Prompt Debugging with Sequence Salience
Or, run this locally with examples/prompt_debugging/server.py
Large language models (LLMs), such as Gemini and GPT-4, have become ubiquitous. Recent releases of "open weights" models, including Llama 2, Mistral, and Gemma, have made it easier for hobbyists, professionals, and researchers alike to access, use, and study the complex and diverse capabilities of LLMs.
Many LLM interactions use prompt engineering methods to control the model's generation behavior. Generative AI Studio and other tools have made it easier to construct prompts, and model interpretability can help engineer prompt designs more effectively by showing us which parts on the prompt the model is using during generation.
In this tutorial, you will learn to use the Sequence Salience module, introduced in LIT v1.1, to explore the impact of your prompt designs on model generation behavior in three case studies. In short, this module allows you to select a segment of the model's output and see a heatmap depicting how much influence each preceding segment had on the selection.
All examples in this tutorial use the Gemma LLM as the analysis target. Most of the time, this is Gemma Instruct 2B, but we also use Gemma Instruct 7B in Case Study 3; more info about variants is available online. LIT supports additional LLMs, including Llama 2 and Mistral, via the HuggingFace Transformers and KerasNLP libraries.
This tutorial was adapted from and expands upon LIT's contributions to the Responsible Generative AI Tookit and the related paper and video submitted to the ACL 2024 System Demonstrations track. This is an active and ongoing research area for the LIT team, so expect changes and further expansions to this tutorial over time.
Case Study 1: Debugging Few-Shot Prompts
Few-shot prompting was introduced with GPT-2: an ML developer provides examples of how to perform a task in a prompt, affixes user-provided content at the end, and sends the prompt to the LLM so it will generate the desired output. This technique has been useful for a number of use cases, including solving math problems, code synthesis, and more.

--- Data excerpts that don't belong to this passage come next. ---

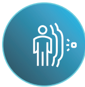
Sensor de movimiento
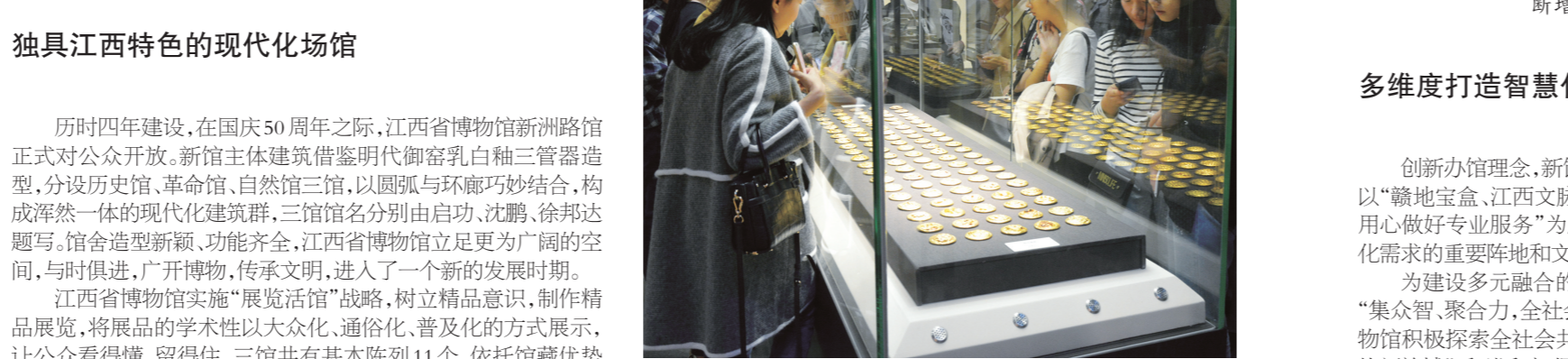
“海昏侯”展激发公众观展热潮

历时四年建设,在国庆50周年之际,江西省博物馆新洲路馆正式对公众开放。新馆主建筑借鉴明代御窑乳白釉三管窑造型,分设历史馆、革命馆、自然馆三馆,以圆弧与环廊巧妙结合,构成浑然一体的现代化建筑群。三馆馆名分别由启功、沈鹏、陈鹤达题写。馆舍造型新颖、功能齐全,江西省博物馆立足更为广阔的空间,与时俱进,广开博物,传承文明,进入了一个新的发展时期。
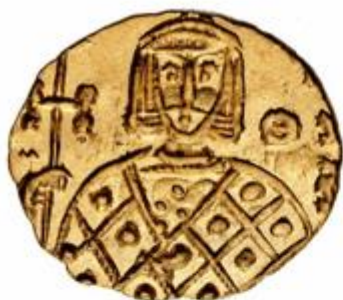
Bizantski zlatnik – nalaz iz kneževskoga groba u Bojni
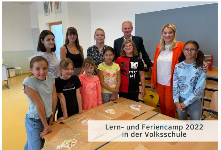
Lern- und Feriencamp 2022 in der Volksschule
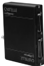
ネットワークの規模に合ったパラレル数が選択できる

問い合わせ (株)マクニカ ネットワーク事業部 TEL 045-939-6155
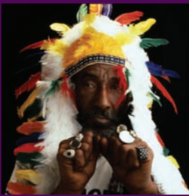
Lee Scratch Perry
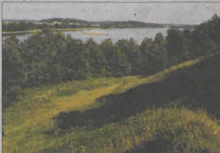
Malownicze tereny Świętajna. Czy wkrótce zagospodzą tam turyści z Nieborowa?
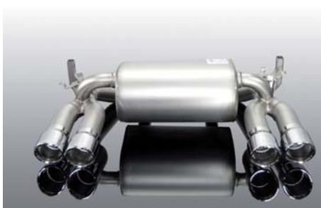
Klappen-auspuffanlage mit je zwei Endblenden im „Sport“ oder „Sport schwarz“ Design in links rechts Kombination, optional: Soundrohr (o. Abb.)
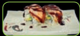
37. Eel cheese roll paling met roomkaas
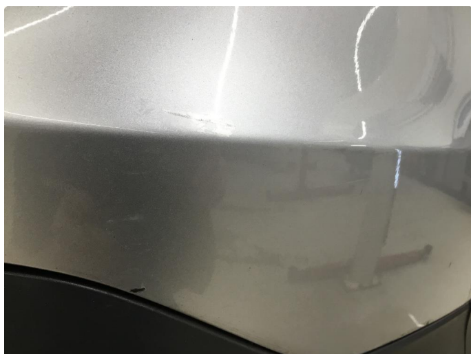
1.8 Ripe(r) ned til grunning
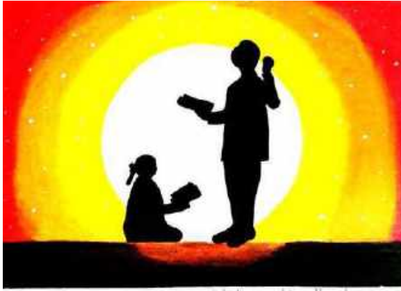
Shrungi Mahida 10-D
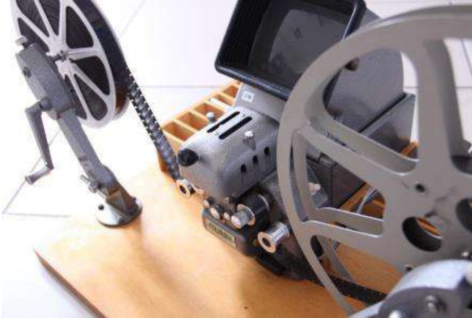
La visionneuse permet de faire défiler la pellicule image par image. Le mouvement est activé manuellement : on peut ainsi contrôler la vitesse de défilement de la bande.
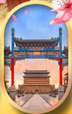
ถนนคนเดินเทียนเหมิน
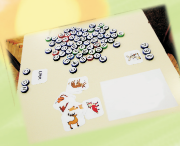
9. „SLOVO PO SLOVO ... REČ’ - DID. SREDSTVO 6-7 GOD. PU „NAŠA RADOST” SUBOTICA Nataša Sopka, vaspitač
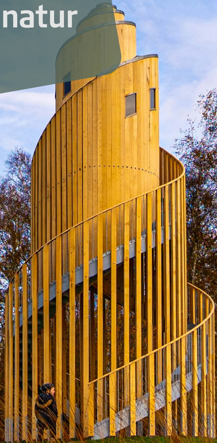
Samtaletårnet ved Silkeborg Højskole - af kunstner Peter Callesen
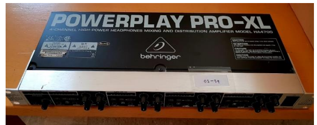
Sl. 16) Studijsko pojačanje za slušalice
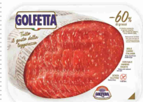
Salame Golfetta Golfera g 100
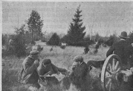
Привалъ охотниковъ Орѣховскаго кружка.

Отношеніе дикихъ звѣрей къ прирученнымъ. Перти пишетъ слѣдующее: „На дворѣ Тюбингскаго коллегіума издавна живъ прирученный аистъ. Однажды на него напалъ дикій аистъ. Прогнанный при содѣйствіи другой домашней птицы, онъ все же неоднократно всвращался въ течение лѣта и вновь нападалъ, но безрезультатно. На слѣдующее лѣто на нашего аиста напали четыре дикихъ аиста, которые также были отбиты. Тогда прилетѣла цѣлая стая аистовъ—птицъ двадцать и прежде чѣмъ мы успѣли притти на помощь, убили его“. То же рассказываетъ Форбесъ про обезьянъ, онъ отпустилъ одну обезьяну на волю. „Ея сотоварищи, пишетъ онъ, все-таки не приняли ее въ свое общество. Онъ видимо чуждался ее отъ-отъ, сомнѣваясь въ ея искренности“.
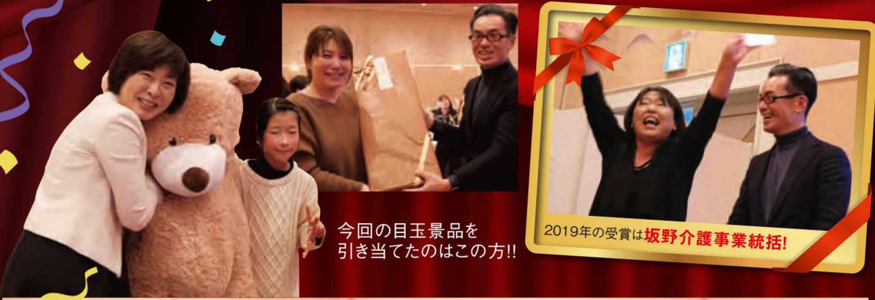
今回の目玉景品を引き当てたのはこの方!!
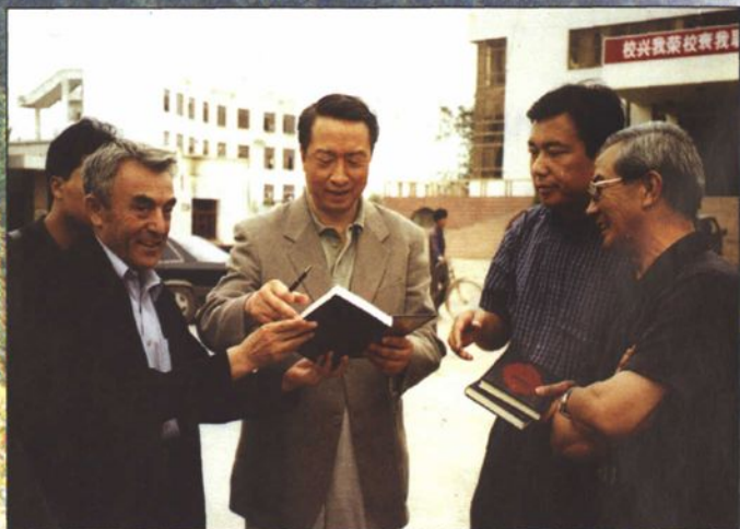
● 2002年9月教育部副部长、中国联合国教科文组织全国委员会主任章新胜在喀什地区视察教育工作。
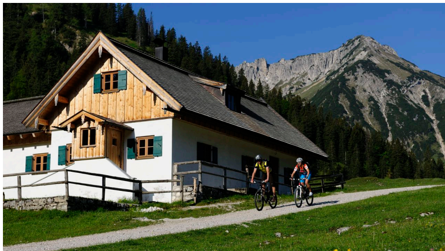
Mountainbiker an der Vereiner Alm
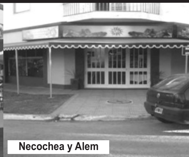
Necochea y Alem
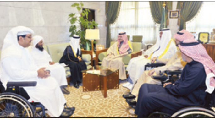
الأمير سطاتم يستقبل أعضاء جمعية حركية

الاجتماعي الذي يحث عليه الدين الإسلامي الحنيف، متمنياً للقائمين على الجمعية النجاح والتوفيق.
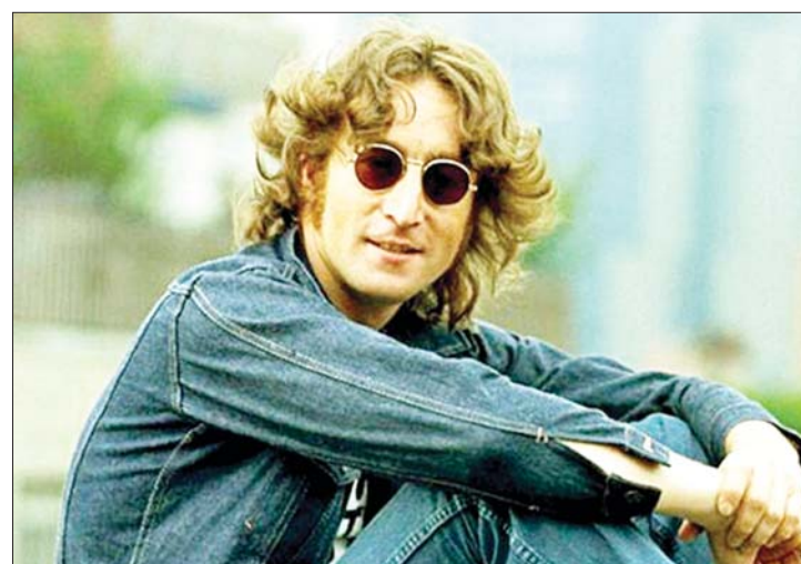
ရော့ခါအဆိုတော် ဂျွန်လင်နွန်

ပြည်ထောင်စု တက္ကဆက်ပြည်နယ် ဒါးလက်စ်မြို့မှာ သေနတ်နဲ့ ချောင်း မြောင်းလုပ်ကြံသတ်ဖြတ်ခြင်းခံခဲ့ရရှာတဲ့ အမေရိကန်ပြည်ထောင်စုရဲ့ ၃၅ ဦး မြောက်သမ္မတ ဂျွန်အက်ဖ်ကနေဒီ လုပ်ကြံမှုကြီးဟာလည်း “ဂျွန်အက်ဖ် ကနေဒီကို ဘယ်သူသတ်သလဲ၊

Imagine yourself as a developer working on an AI-powered recommendation system.
The goal is to recommend dishes from a restaurant's menu based on a user's
preferences—what they like and do not like. You are designing and few-shot
prompt to enable an LLM to complete this task. Your prompt design, shown below,
includes five clauses: Taste-likes
and Taste-dislikes
are provided by the
user, Suggestion
is the item from the restaurant's menu, and Analysis
and
Recommendation
are generated by the LLM. The dynamic content for the final
example is injected before the prompt is sent to the model.

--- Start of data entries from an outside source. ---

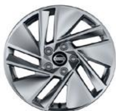
17" Disky kolies z ľahkých zliatin
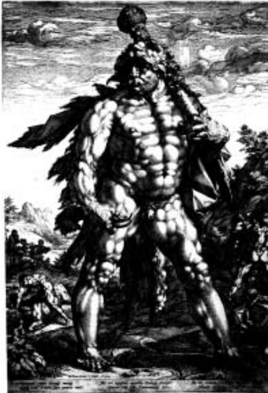
Hendrick Goltzius, De grote Hercules , gravure, 561 × 402 mm, 1589.

Met de reproductie van tekeningen van Bartholomeus Spranger in gravure propageerde hij de elegante, gemanieerde stijl van de Praagse hofschilder, die de Haarlemse kunst zou domineren tegen de eeuwwisseling. Tijdens een reis naar Italië leerde hij het werk
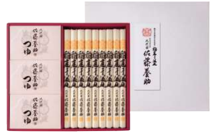
C261-702(WY50N) 八代目 佐藤養助 稲庭干温饨詰合せ うどん80g×9、醤油つゆ(アルミパック入80g×3袋)×3
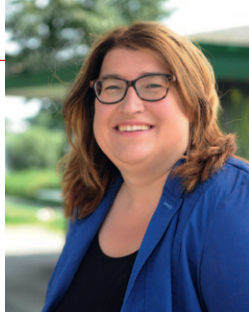
مع أطيّب التحيات

الهدف من العروض المذكورة هنا هو تعزيز التعامل مع الفرص والتحديات. إنها تركز - من بين أمور أخرى - على تدريس المعرفة التربوية (على سبيل المثال على الاحتياجات المتعلقة بالطفل في مراحل النمو والتطور المختلفة أو التربية الخالية من العنف)، وعلى معلومات حول مواضيع قانونية (مثل إجازة الأبوة، وحق حضانة الأطفال) أو المسائل التنظيمية (مثل إمكانية التوفيق بين الوظيفة والأسرة). المؤسسات المذكورة هنا معروفة وستساعدكم في بحثكم عن العرض المرغوب.
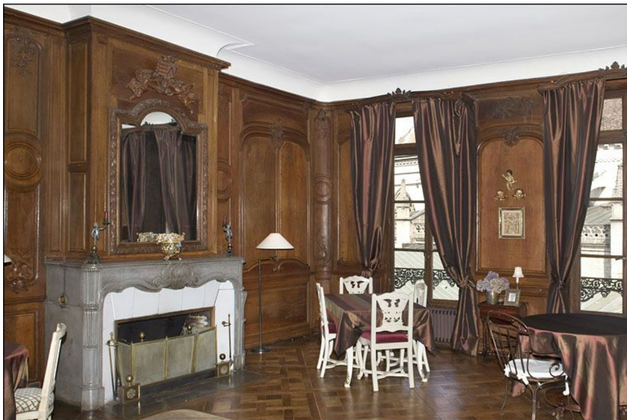
Salon : vue partielle depuis l'entrée avec la cheminée.

25, Besançon, 3 rue du Chapitre, lieudit : îlot Chapitre
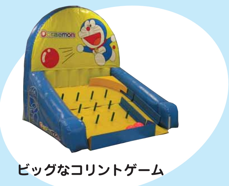
ビッグなコリントゲーム
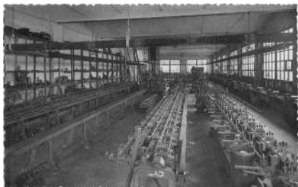
Sala de màquines de perfilar. A la dreta es veuen els cargols de banc dels operaris
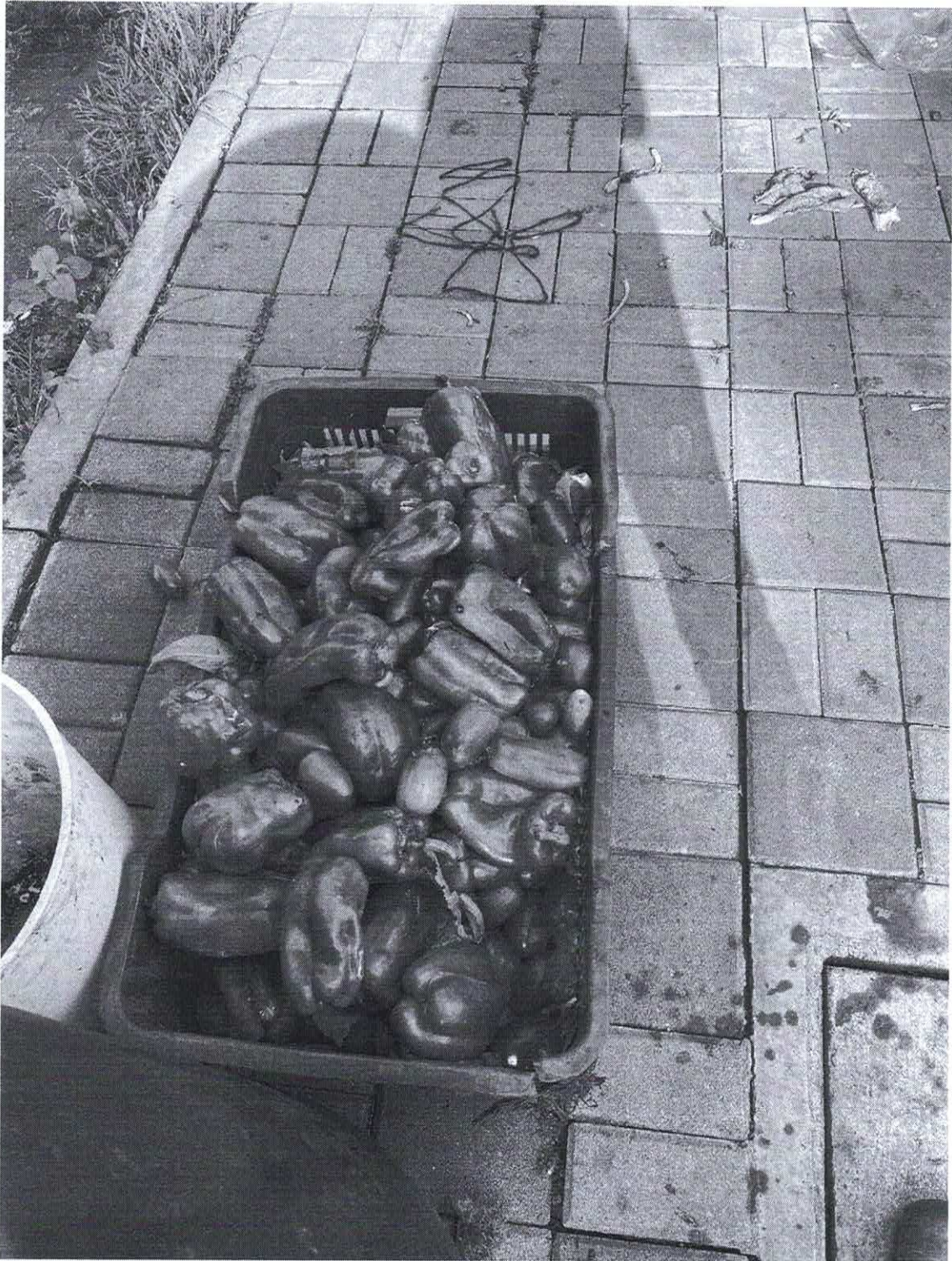
Figura N.O 5 desperdicio de hortalizas

Analyze a menu item in a restaurant.
## For example:
Taste-likes: I've a sweet-tooth
Taste-dislikes: Don't like onions or garlic
Suggestion: Onion soup
Analysis: it has cooked onions in it, which you don't like.
Recommendation: You have to try it.
Taste-likes: I've a sweet-tooth
Taste-dislikes: Don't like onions or garlic
Suggestion: Baguette maison au levain
Analysis: Home-made leaven bread in France is usually great
Recommendation: Likely good.
Taste-likes: I've a sweet-tooth
Taste-dislikes: Don't like onions or garlic
Suggestion: Macaron in France
Analysis: Sweet with many kinds of flavours
Recommendation: You have to try it.
## Now analyse one more example:
Taste-likes: users-food-like-preferences
Taste-dislikes: users-food-dislike-preferences
Suggestion: menu-item-to-analyse
Analysis:
There's a problem with this prompt. Can you spot it? If you find it, how long do you think it took before you noticed it? Let's see how Sequence Salience can speed up bug identification and triage with a simple example.

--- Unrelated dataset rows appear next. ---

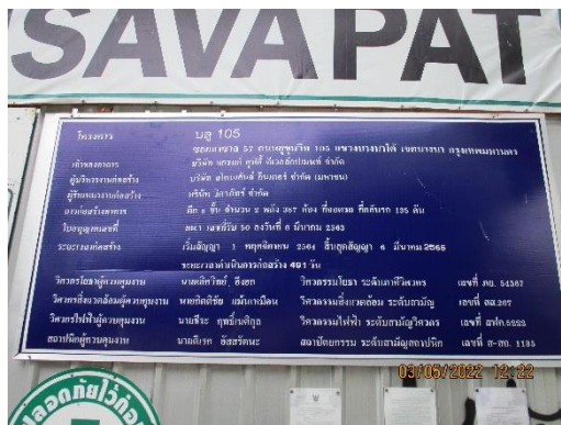
รูปที่ 12 ป้ายแสดงรายละเอียดของโครงการ
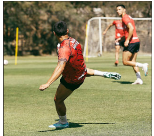
Los sanfelipeños están obligados a ganar si quieren llegar con opciones a la revancha.

En el mini torneo todos parten de cero, por lo que está muy claro que si las declaraciones de Víctor Rivero están en lo correcto, el Uní Uní habrá vuel-
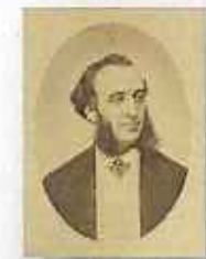
Jules Ferry (1832-1893)

contrôle et l'enseignement religieux sera dispensé en dehors des heures de classe.
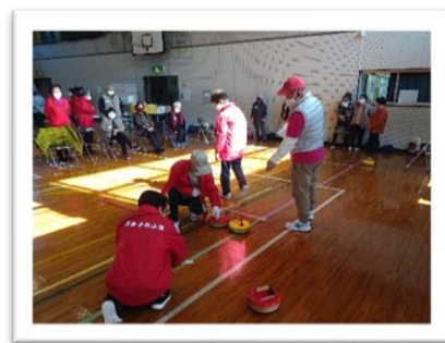
フロッカー大会（宿毛市）

Consider the following values for the variables in the prompt template above.
users-food-like-preferences = Cheese
users-food-dislike-preferences = Can't eat eggs
menu-item-to-analyse = Quiche Lorraine
When you run this through the model it generates the following (we show the
entire example, but the model only generated the text after Analysis
):
Taste-likes: Cheese
Taste-dislikes: Can't eat eggs
Suggestion: Quiche Lorraine
Analysis: A savoury tart with cheese and eggs
Recommendation: You might not like it, but it's worth trying.
Why is the model suggesting something that contains an ingredient that the user cannot eat (eggs)? Is this a problem with the model or a problem with the prompt? The Sequence Salience module can help us find out.
If you are following along in Colab, you can select this example
from the Data Table by selecting the example with the source
value fewshot-mistake
. Alternatively, you can add the example directly using
the Datapoint Editor.
Once selected, the Sequence Salience module will allow you to choose the
response
field from the model (bottom) and see a running-text view of the
prompt. The module defaults to word-level granularity, but this prompt design is
more suitable for sentence-level analysis since the data it contained in each
example is separated into distinct, sentence-like clauses. After enabling
sentence-level aggregation with Granularity controls, select the
Recommendation
line from the model's generated response to see a heatmap that
shows the impact preceding lines have on that line. You can also use
paragraph-level aggregation to help quickly identify the most influential
examples and then switch to a finer-grained aggregation to see how different
statements in the prompt influence generation. These two perspectives are shown
in the figure below.
Adjusting Segment Granularity
Input salience methods for text-to-text generation tasks operate over the subword tokens used by the model. However, human tend not to reason effectively over these tokenized representations, so we provide a granularity control that (roughly) aggregates tokens into words, sentences, and paragraphs, or into custom segments using a regular expression parser. The salience score for each aggregate segment is the sum of the scores for its constituent tokens. Selecting an aggregate segment is equivalent to selecting all constituent tokens.Adjusting Color Map Intensity
The Sequence Salience module allows you to control the intensity of the color map, which can balance the visual presence of segments at different granularities. We've tried to set a suitable default intensity, but encourage you to play around with these controls to see what works well for your needs.As you scan up through the sentence-level heatmap, you will notice two
things: 1) the strongest influence on the recommendation in the instruction at
the top to analyze the menu item; and 2) the next most influential segments are
the Analysis
lines in each of the few-shot examples. These suggest that the
model is correctly attending to the task and leaning on the analyses to guide
generation, so what could be going wrong? The most influential Analysis
clause
is from the Onion soup
example. Looking at this example more closely we see
that the Recommendation
clause for this example does not align with the user's
tastes; they dislike onions but the model recommends the onion soup anyway.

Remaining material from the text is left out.